Sequis juga memiliki memiliki beberapa produk asuransi penyakit kritis lainnya seperti Sequis Critical Illness Rider, My Critical Protection yang memberikan manfaat lumpsum (pembayaran sekaligus) bila tertanggung menderita penyakit kritis. Selain itu ada juga produk rider kesehatan yang memberikan tambahan (lumpsum) bila tertanggung menderita kanker, yaitu Sequis Health Platinum Plus Rider dan SQ Health Infinite MedCare Rider.
Sebagai perusahaan asuransi, Sequis juga memiliki tanggung jawab untuk memberikan edukasi kepada nasabahnya, Eko menyarankan agar nasabah mempelajari dan memahami definisi dari penyakit kritis yang ditanggung dari produk asuransi yang dimiliki. “Memahami definisi penyakit kritis yang tertuang dalam perjanjian asuransi agar tidak terjadi kesalahpahaman dikemudian hari, misalnya berapa jumlah penyakit yang ditanggung dan apakah dimulai dari tahap awal atau hanya di tahap kritis,“ ujarnya.

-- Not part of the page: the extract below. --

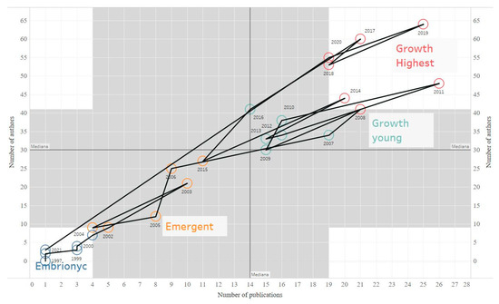 The first stage, the embryonic, presented the beginning of the study of knowledge sharing in business education. This stage occurred between 1997 and 2001 (color blue in Figure 3). The average number of authors and articles shows the slow growth characteristic of this period. The second stage, emerging, began in 2002 and lasted until 2006 and returned in 2015 (color orange in Figure 3). The average number of publications in this phase was 19 per year and the average number of authors was 17, showing growth compared to the previous stage. In the following years, there were transitions in the stages of growth young and growth highest. The growth young stage occurred in 2007, 2009, 2010, 2012, 2013 and 2016, with an average of 19 articles and 35 authors per year (color green in Figure 3). The growth highest stage occurred in the years 2008, 2011, 2014, 2017, 2018, 2019 and 2020 (color red in Figure 3).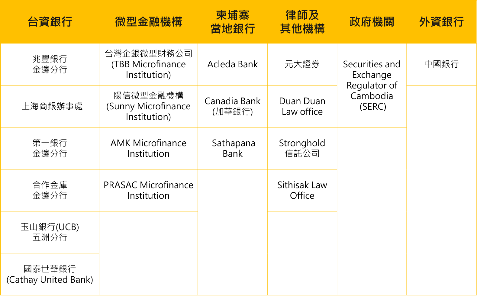 為進一步實地了解當地金融市場,2022 年 3 月中上旬,艾捷盛基金管理公司團隊積極拜訪了柬埔寨的台資銀行、當地商業銀行、微型金融機構、證券公司等共計 18 家 ( 詳細拜訪名單如表一所示 ) 之最高主管或業務相關主管,並且與柬埔寨的基金管理業監管機關、同時也是資本市場監管的最高機構 Securities and Exchange Regulator Cambodia ( SERC ) 舉行線上視訊會議,針對艾捷盛貨幣市場基金的發行及相關議題進行意見交流並提出建議,期望能盡速取得基金發行許可。

Eko juga mengharapkan agar nasabah lebih memahami makna dari “Pengecualian” yang tertuang dalam polis, yaitu kondisi yang tidak menjadi tanggungan perusahaan asuransi dalam masa perlindungan asuransi. “Ketergantungan obat, kecanduan alkohol, perbuatan bunuh diri, kondisi sebelum pertanggungan asuransi, penyakit kritis yang terjadi dalam masa tunggu dan penggunaan obat tanpa resep dokter adalah beberapa contoh pengecualian yang tertuang dalam polis. Hal ini penting untuk dipahami nasabah,” tutupnya.